Last night I was talking with @saintwalker98 about how there's a weird apocalypticism beneath the suburbs and the ethos of the boomer generation that is ripe for exploration via horror, as well as deconstruction.
Deconstruction in particular because I see one of the most famous horror authors, Stephen King, as weirdly emblematic of certain things I've come to find terrifying about boomers. Specifically his distinct boomer small town Americana nostalgia which I relate to all this.
I see The Stand, which I utterly loathe as morally abominable, as one distinct albeit unintentional horrific apex of where the apocalyptic strain beneath rustic nostalgia and the sentiments that lead to subrubanism and exurbanism take the world.
Basically what I'm saying is there is something in a certain kind of boomer ethos that is highly nihilistic and inclined towards nationalistic fascistic religious apocalypticism, and the Stand is just one of the more peculiar and notable manifestations, even if the author didn't-
-intend it as such.

The beauty and wonder and life and energy of humanity is subjected to nightmarish genocide possibly by a capricious deity...just so two collections of utterly mediocre garbage people could form opposing totalitarian religious cults, and all of it-
-leads to the most meaningless pointless confrontation in the history of fiction.

there are more humane and interesting ways to handle apocalyptic fiction. Ask George Miller or Yoshinori Kitase.

Anyway, I'm not surprised American boomers have handled the pandemic so badly.
Whether war or disease or the ones who yearn for more religious fanaticism, they want apocalypse and misery.

Of course the people who get a rush from saying "life's no fair" to people are going to just whistle past the graveyard as death rates tick back up.
The Villages, the retirement community in Florida, is another perfect example of selfish boomer nihilism.

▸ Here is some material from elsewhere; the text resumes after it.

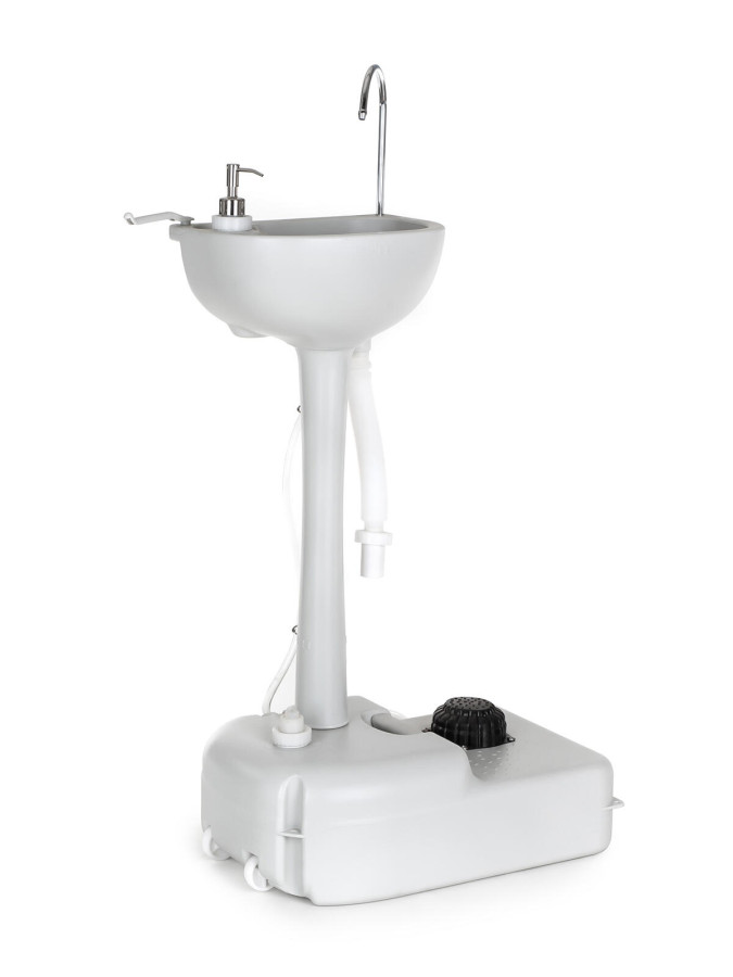 Umyvadlo přenosné. Přenosné stojanové umyvadlo lze využít na chatě, v kempu, v karavanu či na farmářských trzích, stáncích s občerstvením, všude tam, kde jsou kladeny požadavky na hygienu a potřebu zajištění tekoucí vody i bez přístupu k vodovodní přípojce. Umyvadlo je vybaveno zásobníkem čisté vody o objemu 17 litrů + zabudovaným zásobníkem na tekuté mýdlo o objemu 3 litry a praktickým háčkem na umístění ručníku. Odpadní vodu je možno připojenou hadicí odvést na požadované místo, či do určené nádoby. Doporučujeme koupi umyvadla společně s přenosnou toaletou HAPPY GREEN, pro vytvoření kompletního zázemí. V tomto případě je možné propojit obě položky - odpadní vodu z umyvadla směřovat do horní nádrže toalety a následovně ji využít pro splachování. Výška přepravní: 34 cm Šířka přepravní: 26 cm Hloubka přepravní: 68 cm Objem přepravní: 60,112 dm3 Hmotnost přepravní: 4,42 kg Pozor křehké:

A far right planned community exerting political influence on a state with outsized importance, cloistering themselves off the enjoy the blandest hedonism imaginable while-
-their political decisions lead to environmental destruction and further attempts to codify prejudice and hatred further and further in to the law.
I have no specific conclusion to this, these are just some disjointed thoughts I've been having lately.

Boomer nostalgia feels dangerous to me. There's a generational strain of thought that seems like a shiny happy workaholic religious nihilism there.